Герцогиня рассмеялась.

— Мужчины редко столь разумно судят о женщинах. Последнее видно по тому, кого они берут в жены. Помню, в Лондоне несколько лет назад кто-то рассказал о браке после тринадцати лет ухаживания, и заметил, что, по крайней мере, у супруга было время изучить характер своей подруги жизни. Мой муж ответил: «Вовсе нет — на следующий же день она могла оказаться прямой противоположностью тому, чем представлялась все эти годы». Я не могла не восхититься этой высшей мудростью и подумала в тот момент, что нам никогда не добраться до окончательной разгадки человеческого характера и не познать его.

Корбин с усмешкой согласился.

— Женщины тоже хороши! Ведь как только начинается разговор на тему, интересную для мужчин или позволяющую им себя показать, женщины выходят из комнаты и занимаются чем-то своим. Таким образом, красноречие, гений, учёность, порядочность — всё, в чём честолюбие побуждает мужчин преуспеть и тем завоевать рукоплескания, — оказываются бессильны покорить сердца представительниц прекрасного пола. Они любят лишь молодых красавцев.

— Но вы не можете отрицать, — насмешливо покачала головой герцогиня, — что молодость и красота — не единственный способ завоевать привязанность, остроумие и мужество нас всё же впечатляют.

— Быть может, самым притягательным магнитом оказывается для женщин сильное, нескрываемое тяготение к ним? — спросил Хилтон. — Счастливый любовник у всех народов — это верный рыцарь, дамский угодник.

Разговор продолжался, при этом Монтгомери ненадолго словно потерял нить беседы, задумавшись.

«Вот взять, например, того же Хилтона. Красавец, но никто его не примет за умного, не зная, кто он. Тогда, отвечу, скорее всего, он и не умён, противоположное же мнение о нём ошибочно. А вот граф Нортумберленд, — бесспорно, талантливый человек; однако, если он не взволнован какими-нибудь из ряда вон выходящими событиями, он кажется полумёртвым. Он при желании остроумен, но ему не хватает воодушевления. Он способен на благородные поступки, но низость натуры будто сквозит в каждом его движении. Таков он на самом деле и есть! Лучшая часть его личности скучна, туманна, свинцово-тяжела. Поглядите на него, когда он говорит. От его слов могла бы «в груди и у костлявой хищной Смерти душа проснуться». А лицо ничего не выражает. Что же мы должны считать истинным проводником его души? Похоть, томление, туманные воспоминания — вот беспокойные обитатели её, губы же его шевелятся просто машинально. А Гелприн и его лицо мумии? Впрочем, здесь не всё так просто…»

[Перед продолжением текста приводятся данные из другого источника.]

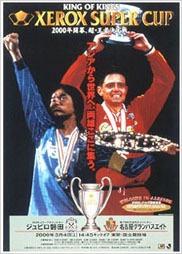 2000年という記念すべき年のゼロックススーパーカップは、ジュビロ磐田と名古屋グランパスエイトという東海勢対決。ともに日本代表経験のあるスター選手をそろえ、国内の本格的なシーズンの幕開けを告げるにふさわしいカードが実現した。立ち上がり、やや押し込まれたグランパスは、4バックから3バックへの変更で守備を強化。これでペースを取り戻し、後半に入ると平野のクロスから新加入のホミルドが先制した。対するジュビロも川口を投入し、3トップで反撃態勢。73分には、右サイドを突破した高原からのボールを、福西が決めて同点とした。PK戦で勝利はジュビロのものとなったが、非常に密度の濃い内容で、雨の中で足を運んでくれたファンを十分に堪能させた。

Но тут Монтгомери опомнился и, отвлёкшись от размышлений, снова стал прислушиваться к разговору.

— Нет-нет, — говорил Корбин. — По поведению судить нельзя! Я знаю человека, которого считали дурным другом на том только основании, что он никогда сердечно не пожимал руку. Признаю, что это охлаждает людей жизнерадостных, но за фасадом крайне флегматического темперамента нередко кроется самый пылкий дух, — так же как огонь высекается из наиболее твёрдого кремня.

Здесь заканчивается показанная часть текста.